Bunun Geçgin’in kendi metninde de açıkça işlenen bir motif olduğunu vurgulayacağım. Gençlik Düşü’nden: “Bir oğul gibi hissetmiyordum, bir oğul değildim ama bir babam vardı. Sanki hiçbir zaman baba olmayacak bu oğul olmayan oğul yine de babasının içinden geçiyordu, üstelik zorunlu olarak içinden geçmesi gerekiyordu, babası geçmişte değil de sanki önünde, gelecekteydi, kendisini, kendi yaşamını yaratırken babasını da yaratması gerekiyordu.” - Kitabın konusunu ve seyrini de tanımlıyor bu cümleler. “Baba” hakkında konuşmaktan çok, “oğul”un o “baba(lar)” içinden geçişini izleyeceğiz. Ama baba bir kez o rahat mezarından kaldırılıp tekrar karşımıza çıkarılmış, başlı başına bir soran haline getirilmiştir. Modern-klasik bir hortlakta, bir yaşayan ölü, bir uzatılmış hayat, ikinci bölümde Aylak Adam'a daha çok oğulun “canlı meseleleri” açısından bakacağız...
Notlar
[1] Ben de ilk kez 1969’da böyle bir kitaplıkta buldum, Naci’nin yazısı sayesinde haberdar olduğum roman. Henüz ikinci fasikülü açılmamıştı. Kitaplığın sahibi ağabeyimiz, “ödünç alabilir miyim?” dediğimde, “sende kalabilir” cevabını vermişti. Metne dön.

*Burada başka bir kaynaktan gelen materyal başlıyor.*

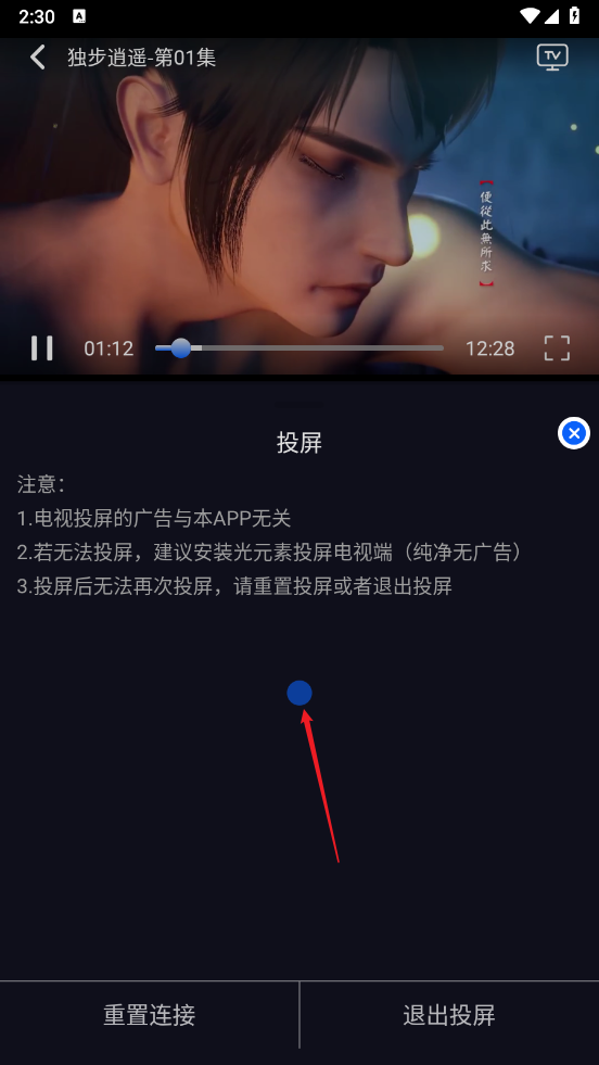 4、最后搜索并连接电视,完成连接后就可以开启投屏播放了,需要注意的是,手机和电视必须处于同一网络环境下才能进行投屏操作。

[2] Yusuf Atılgan 1944 “Komünist tevkifatında” tutuklananlar arasındaydı. Vedat Türkali, Komünist başlıklı anı kitabında (2001) arkadaşı Atılgan'la birlikte 1940 yılında İstanbul’da üye olmak istedikleri ama bir türlü bulamadıkları Komünist Partiyi nasıl “aradıklarını” anlatır. Atılgan’ın bu dönemiyle ilgili daha ayrıntılı tek kaynak, İletişim Yayınlarından 1992’de çıkan ve bir daha basılmayan Yusuf Atılgan’a Armağan kitabında Turan Yüksel’in giriş yazısıdır. Şöyle yazıyor Yüksel: “Yusuf Atılgan daha sonra yaşamındaki bu kesiti anlatmak istemezdi... Daha fazlası sorulduğunda: ‘Ben o işe sevgilimle girmiştim, hapisten çıkınca da “Arkadaşlar bu iş bana göre değil” diyerek onlarla temelli vedalaşmıştım,’ diyerek keser atardı.” Metne dön.
[3] Bu alıntılar romanın İletişim basımına eklenen “Seçme Eleştirel Değerlendirmeler” kısmından. Metne dön.
[4] Nurer Uğurlu, Orhan Kemal’in İkbal Kahvesi, 2. Baskı, İstanbul: Örgün, 2002, s. 413-14. Metne dön.
[5] Orhan Kemal şöyle devam ediyor: “Elimizde tartışılması gereken iki roman var. Biri, köyü ve köylüyü anlatan Yılanların Öcü, diğeri büyük şehre dönük, onun sorunlarına eğilen Aylak Adam. Laf aramızda, Yakup Kadri Bey bunlardan hiçbirini okumamış. Ben konuşuyordum o başıyla evet, olur diyordu ama neye, niçin olur diyordu, bilmiyorum.” Metne dön.
[6] Cumhuriyet gazetesinde 3 Temmuz 1958’de çıkan söyleşide Selmi Andak şöyle sormuştur: “Aylak Adam’ı, köyü bildiğiniz halde niye şehirden seçtiniz?” Cevap: “Ben köylüyüm, fakat benim için köy romanı yazmak daha çok olgunluk ve kültür arayan büyük bir mesele gibi geliyor bana. Buna rağmen çoktan beri kafamda bir köy romanı olgunlaşmaktadır. Bunun alışılagelmiş köy romanlarından bambaşka bir tarzda olmasını düşünüyorum.” İddianın, hatta kibrin ardında, güçsüz bir “pozisyonun” kendini savunma, gerekçelendirme gayreti de görülüyor. Metne dön.
[7] Mesela Britanya’da Penguin Yayınları, 60’lı yıllarda henüz “kitlenin” fazla bilmediği Faulkner gibi yazarları bu başlık altında piyasaya sürüyordu. “Klasikler” dizisindeyse Racine, Tolstoy, vb. Metne dön.